Pemburu rente adalah sebuah konsep di mana kelompok kepentingan mencari keuntungan ekonomi melalui manipulasi dan eksploitasi kekuasaan mereka, bukan melalui aktivitas produktif seperti perdagangan. Praktik ini sering kali melibatkan penggunaan pengaruh untuk mendapatkan keuntungan seperti monopoli, subsidi, hak istimewa pajak, dan lisensi. Terperangkapnya Maluku Utara dalam pusaran pemburu rente didasarkan pada sejumlah fakta dan data yang terpercaya terkait dengan kasus-kasus korupsi yang telah terungkap baru-baru ini yang melibatkan pejabat publik, poilitisi dan pengusaha tambang/nikel. Kasus-kasus korupsi yang terungkap menunjukkan dana publik yang seharusnya digunakan untuk pembangunan dan kesejahteraan masyarakat Maluku Utara justru disalahgunakan oleh segelintir individu yang rakus akan kekuasaan dan keuntungan pribadi. Fenomena ini tidak hanya merugikan secara ekonomi, tetapi juga mengikis kepercayaan publik terhadap integritas pemerintah dan lembaga hukum.

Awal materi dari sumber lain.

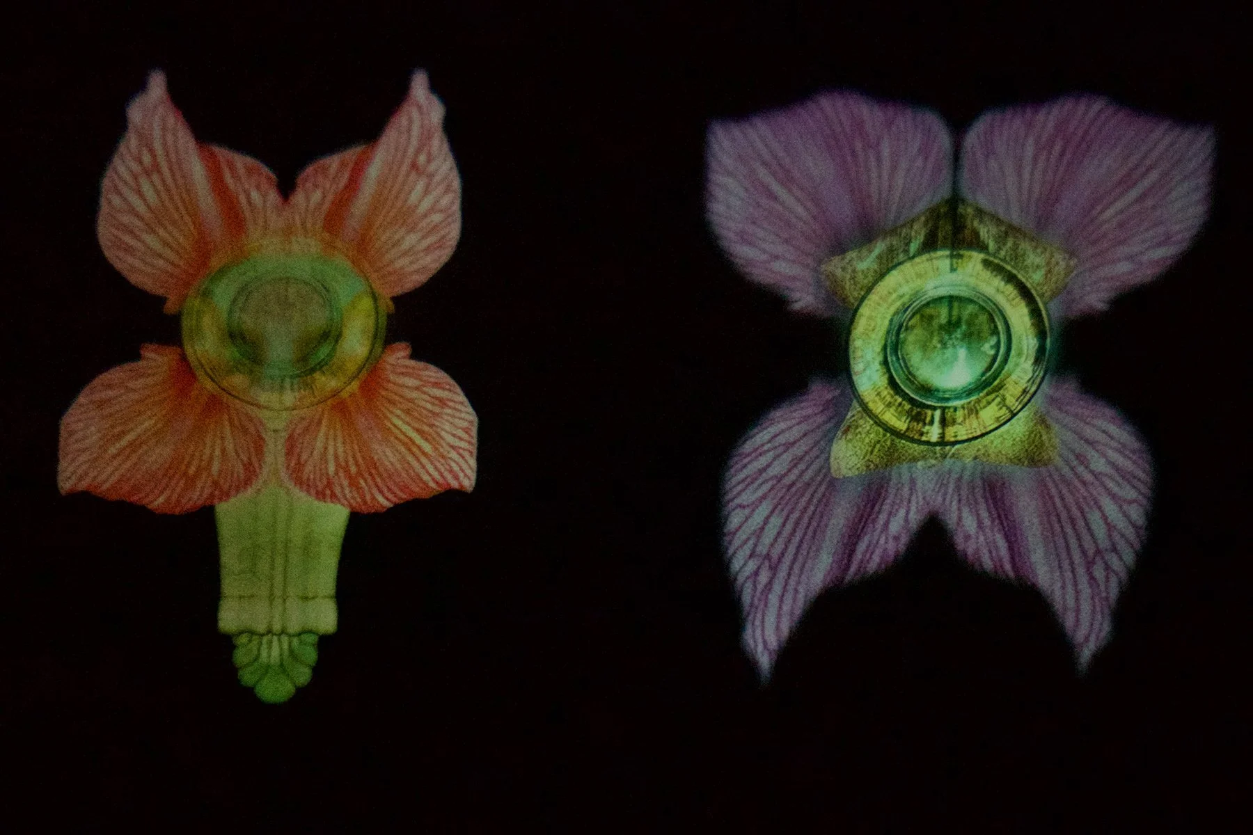 Essence serves as a meditation on the value and fragility of interior states, ultimately calling for a conscious and passionate embrace of enchantment. Essence is a continuation of Freya Burnett’s exploration of feminine interiority, enchantment and the brain as a site of tenderness. The work places viewers within an immersive projection-mapped environment that operates as a loosely defined interior. The projected surfaces build a reflective atmosphere, nesting textures together; Jewel tones, carbonated liquids, speckled light and mirror-like imagery that build on Burnett’s existing visual language. Fergus Waveforms (Tāmaki Makaurau) constructed the soundscape for Essence using Ableton Live Software. Contrasting sonic characters, Waveforms used a different type of digital synthesis including granular, wavetable and subtractive synths to generate each individual layer of sound.

Berdasarkan laporan media terdapat beberapa kasus korupsi yang signifikan yang melibatkan pejabat publik di Maluku Utara. Pada Tahun 2023, Mantan Gubernur Maluku Utara, Abdul Gani Kasuba terlibat kasus suap yang mengarah ke obral izin tambang nikel hingga  praktik korupsi jual beli izin tambang. Selain terlibat kasus suap dalam izin usaha pertambangan, kasus serupa juga diduga terjadi pada pengadaan barang dan jasa, serta jual-beli jabatan di lingkungan pemerintah Maluku Utara.  Selain AGK dan Stevi (Swasta), lima orang tersangka lainnya yaitu Kepala Dinas Perumahan dan Pemukiman Maluku Utara Adnan Hasanudin (AH), Kepala Dinas PUPR Maluku Utara Daud Ismail (DI), Kepala Badan Pengadaan Barang dan Jasa Ridwan Arsan (RA), Ajudan Gubernur Ramadhan Ibrahim (RI) dan swasta Kristian Wulsan (KW). (Bisnis.com, 2024). Kasus ini menunjukkan tingginya tingkat korupsi di tingkat pemerintahan tertinggi di provinsi Maluku Utara.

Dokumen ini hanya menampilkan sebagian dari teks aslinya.